Efficient All-to-All Collective Communication Schedules for Direct-Connect Topologies

Prithwish Basu,Liangyu Zhao,Jason Fantl,Siddharth Pal,Arvind Krishnamurthy,Joud Khoury
2024-04-26
Abstract:The all-to-all collective communications primitive is widely used in machine learning (ML) and high performance computing (HPC) workloads, and optimizing its performance is of interest to both ML and HPC communities. All-to-all is a particularly challenging workload that can severely strain the underlying interconnect bandwidth at scale. This paper takes a holistic approach to optimize the performance of all-to-all collective communications on supercomputer-scale direct-connect interconnects. We address several algorithmic and practical challenges in developing efficient and bandwidth-optimal all-to-all schedules for any topology and lowering the schedules to various runtimes and interconnect technologies. We also propose a novel topology that delivers near-optimal all-to-all performance.

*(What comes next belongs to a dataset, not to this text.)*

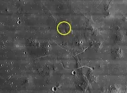 A site in the northern Marius Hills, located in the center of a five-kilometer circle in a shallow valley between four domes near a small sinuous depression, was one of nine potential Apollo landing sites studied in-depth as part of a 1968 Bellcom report describing the geology of those nine locations and potential mission plans. This site in particular, the Bellcom study suggested, could have offered the opportunity for up-close examination of planetary ridges similar to those located at the bottoms of Earth's oceans and sampling of a variety of material from the Moon's interior churned up during the area's highly active volcanic past.[12] The Bellcom study referenced an earlier 1968 study, prepared by the United States Geological Survey, that outlined a detailed mission plan for the proposed site. This plan included four EVAs using a Lunar Roving Vehicle and Lunar Flying Units for increased mobility in sampling the various features in the site radius.[13]

Distributed, Parallel, and Cluster Computing,Networking and Internet Architecture
What problem does this paper attempt to address?

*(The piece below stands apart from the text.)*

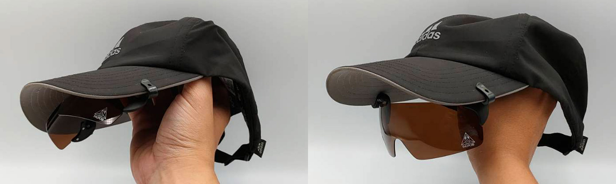 直接夹在帽子上的太阳眼镜,不需配戴太阳眼镜

The problem that this paper attempts to solve is to optimize the performance of all - to - all collective communication in the direct - connection topology on the scale of supercomputers. Specifically, all - to - all collective communication is widely used in machine learning (ML) and high - performance computing (HPC) workloads, and its performance optimization is very important for both of these communities. All - to - all is a particularly challenging workload, and as the scale expands, it may severely consume the underlying interconnect bandwidth. Therefore, the paper adopts a comprehensive approach to optimize the performance of all - to - all collective communication on large - scale direct - connection interconnects. The main objectives include: 1. **Develop an efficient all - to - all scheduling algorithm**: Develop an efficient and bandwidth - optimal all - to - all scheduling algorithm for any topology, and reduce it to various run - times and interconnect technologies. 2. **Propose a new topology**: Propose a new topology to achieve near - optimal all - to - all performance. 3. **Solve practical challenges**: Solve various algorithmic and practical challenges encountered in the process of developing these efficient scheduling algorithms. Through these methods, the paper aims to improve the efficiency of all - to - all collective communication in large - scale direct - connection networks, thereby enhancing the overall system performance.